All we like sheep have gone astray;
We have turned, every one, to his own way;
And the Lord has laid on him
The iniquity of us all.
(Isaiah 53:5-6)
The gift of freedom
The Lord Jesus Christ took the punishment for the sins of all who believe in him, thus satisfying the justice of God on their behalf. In this way they are set free from sin and clothed in the perfect righteousness of Christ.
This freedom is a gift. We can no more free ourselves from sin than a chained prisoner can loose his own bonds. The prisoner can, however, look for mercy to the one who holds the keys. In the same way, we can look to the mercy of God in repentance and trust.
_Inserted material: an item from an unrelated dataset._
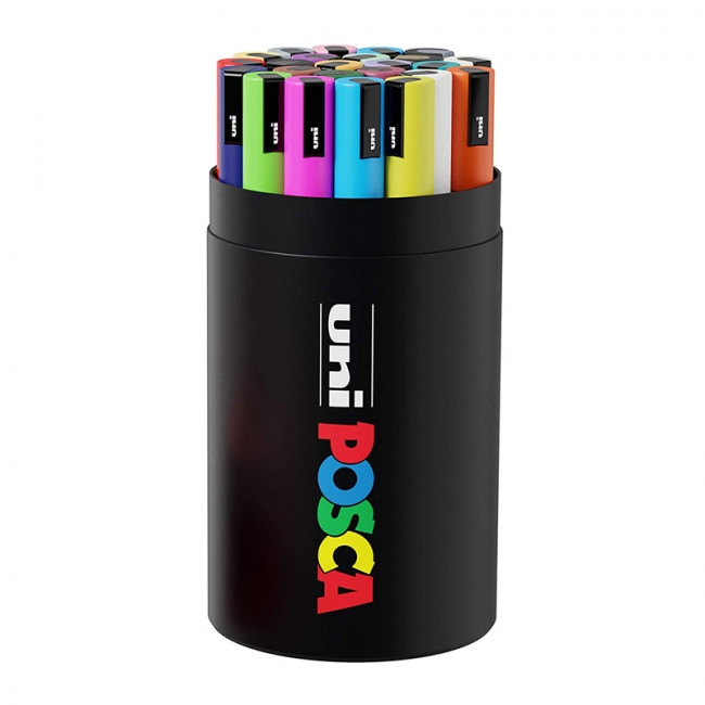 ALL’INTERNO DELLA CONFEZIONE: 18 Pennarelli Uni POSCA con punta tonda media, tratto 2.5 mm, colori assortiti

Freedom from sin brings with it every other kind of freedom. Born again by the Spirit of God, those who believe in the Lord Jesus Christ are granted a new outlook on life and death.
They are free from fear, for the unknown has been made known. They will experience troubles like anyone else. But they have been freed from their effects, since they seek a better, heavenly country. The Lord is by their side whether they are well or sick, rich or poor.
Even if they lose everything, as did Job, the Christian can echo Job’s words: ‘I know that my Redeemer lives, and he shall stand at last on the earth; and after my skin is destroyed, this I know, that in my flesh I shall see God’ (Job 19:25-26).
Free indeed
Returning to my survey, one reply stood out as different from all the rest. It went like this: ‘I have freedom from all these things! Thank you for reminding me’. Only a believer in the Lord Jesus Christ could make such a claim and know that it is true. Can you claim this for yourself?
Jesus said of himself, ‘If the Son makes you free, you shall be free indeed’ (John 8:36).